The Securities and Exchange Commission has charged S&P Global Ratings with violating conflict of interest rules designed to prevent sales and marketing considerations from influencing credit ratings.

The SEC-registered statistical rating organization (NRSRO) agreed to settle the matter by paying a $2.5 million penalty and agreeing to the entry of a cease-and-desist order, a censure, and compliance with certain undertakings.

The SEC’s investigation took place following S&P’s initiative of self-reporting the conduct at issue with the regulator. The ratings agency also cooperated with said investigation and took remedial steps to enhance its conflicts of interest policies and procedures.

S&P analytical employees were pressured to maintain preliminary rating that contained calculation error

According to the SEC, an issuer engaged S&P to rate a jumbo residential mortgage-backed security transaction in July 2017, and over a five-day period, S&P commercial employees responsible for managing the relationship with the issuer attempted to pressure the S&P analytical employees – the ones responsible for evaluating and assigning the rating.

S&P analytical employees were pressured to rate the transaction consistent with preliminary feedback the analytical employees had given the customer that turned out to include a calculation error.

The SEC found that some emails sent by the S&P commercial employees to the S&P analytical team contained statements reflecting sales and marketing considerations.

The content, urgent nature, high volume, and compressed timing of the communications allegedly implies the S&P commercial employees became participants in the rating process during a time when they were influenced by sales and marketing considerations.

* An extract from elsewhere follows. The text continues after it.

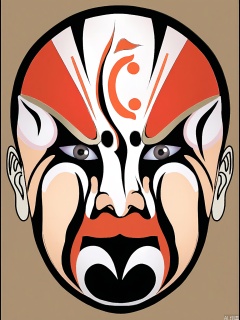 LP, A digital illustration of a traditional Chinese opera mask, featuring bold red and black colors. The mask has a central white yin-yang symbol on the forehead, with white and black swirling patterns around the eyes. The mouth is painted in a pale beige color. The background is plain white, emphasizing the mask's intricate design. The illustration style is clean and modern, with smooth shading and sharp lines.

Osman Nawaz, Chief of the SEC’s Complex Financial Instruments Unit, said: “NRSROs are prohibited from issuing or maintaining a credit rating where an individual who participates in sales and marketing activity seeks to influence the determination of the rating. Credit rating agencies play a systemically important role in the structured products markets, and the federal securities laws require them to insulate their analytical functions from the influence of business considerations.”